GC21A-0491:
Assessment of the Coastal Landscape Response to Sea-Level Rise Using a Decision-Support Framework

Tuesday, 16 December 2014
Erika E Lentz1, E Robert Thieler1, Nathaniel G Plant2, Sawyer Stippa1, Radley M Horton3 and Dean B Gesch4, (1)U.S. Geological Survey, Woods Hole, MA, United States, (2)U.S Geological Survey, Coastal and Marine Science Center, Saint Petersburg, FL, United States, (3)Columbia University/NASA GISS, New York, NY, United States, (4)US Geological Survey, Sioux Falls, SD, United States
Abstract:
Identifying the form and nature of coastal landscape changes that may occur in response to future sea-level rise (SLR) is essential to support decision making for resource allocation that improves climate change resilience. Both natural ecosystems and the built environment are subject to these changes and require associated resilience assessments. Existing assessments of coastal change driven by SLR typically focus on two categories of coastal response: 1) inundation by flooding as the water level rises; and 2) dynamic change resulting from movement of landforms and/or ecosystems.

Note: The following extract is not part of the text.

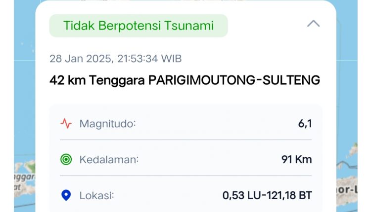 HarianMetro.co, GORONTALO – Telah terjadi gempabumi dengan kekuatan 6.1 Skala Richter (SR) pada Selasa, 28 Januari 2025, pukul 21:53:34 Wita.

Results from these assessments are not always straightforward to apply in a decision support context, as it can be unclear what the dominant response type may be in a given coastal setting (e.g., barrier island, headland, wetland, forest). Furthermore, an important decision support element is to capture and clearly convey the associated uncertainty of both the underlying datasets (e.g., elevation) and climate drivers (e.g., relative SLR).

We developed a Bayesian network model of SLR assessment that uses publicly available geospatial datasets—land cover, elevation, and vertical land movement—and their associated uncertainties to generate probabilistic predictions of those areas likely to inundate versus dynamically respond to various SLR scenarios. SLR projections were generated using multiple sources of information, including Coupled Model Intercomparison Project Phase 5 (CMIP5) models. Model outputs include predictions of potential future land-surface elevation and coastal response type at landscape (>100 km) to local (5-10 km) scales for the Northeastern U.S., commensurate with decision-making needs. The probabilistic approach allows us to objectively and transparently describe prediction certainty to decision makers. From this approach, we are also able to highlight areas in which more data or knowledge may be needed to provide a stronger basis for decision making.